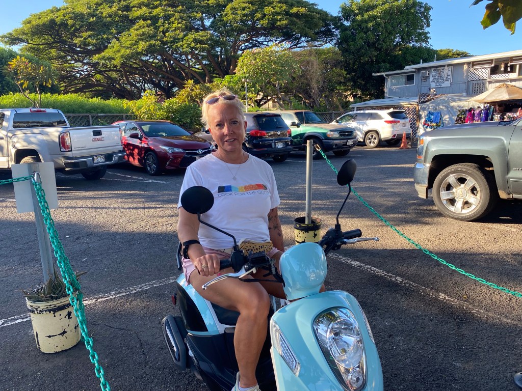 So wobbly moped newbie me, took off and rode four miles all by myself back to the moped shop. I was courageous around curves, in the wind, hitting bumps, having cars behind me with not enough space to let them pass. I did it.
--
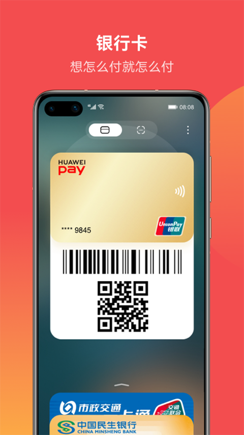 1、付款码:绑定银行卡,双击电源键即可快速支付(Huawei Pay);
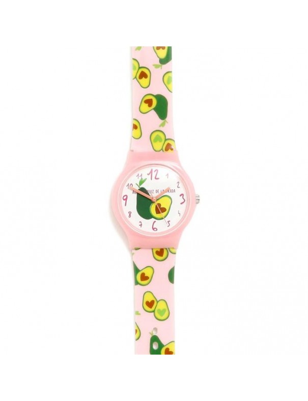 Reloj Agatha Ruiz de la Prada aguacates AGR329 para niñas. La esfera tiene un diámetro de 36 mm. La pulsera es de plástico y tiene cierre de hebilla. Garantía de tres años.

Your task –
The line holding "1、付款码:绑定银行卡,双击电源键即可快速支付(Huawei Pay);" starts the copy and the line holding "Reloj Agatha Ruiz" ends it. Repeat those two lines above and all between them exactly, leaving out pictures.

Reply to the exercise –
 1、付款码:绑定银行卡,双击电源键即可快速支付(Huawei Pay);
 Reloj Agatha Ruiz de la Prada aguacates AGR329 para niñas. La esfera tiene un diámetro de 36 mm. La pulsera es de plástico y tiene cierre de hebilla. Garantía de tres años.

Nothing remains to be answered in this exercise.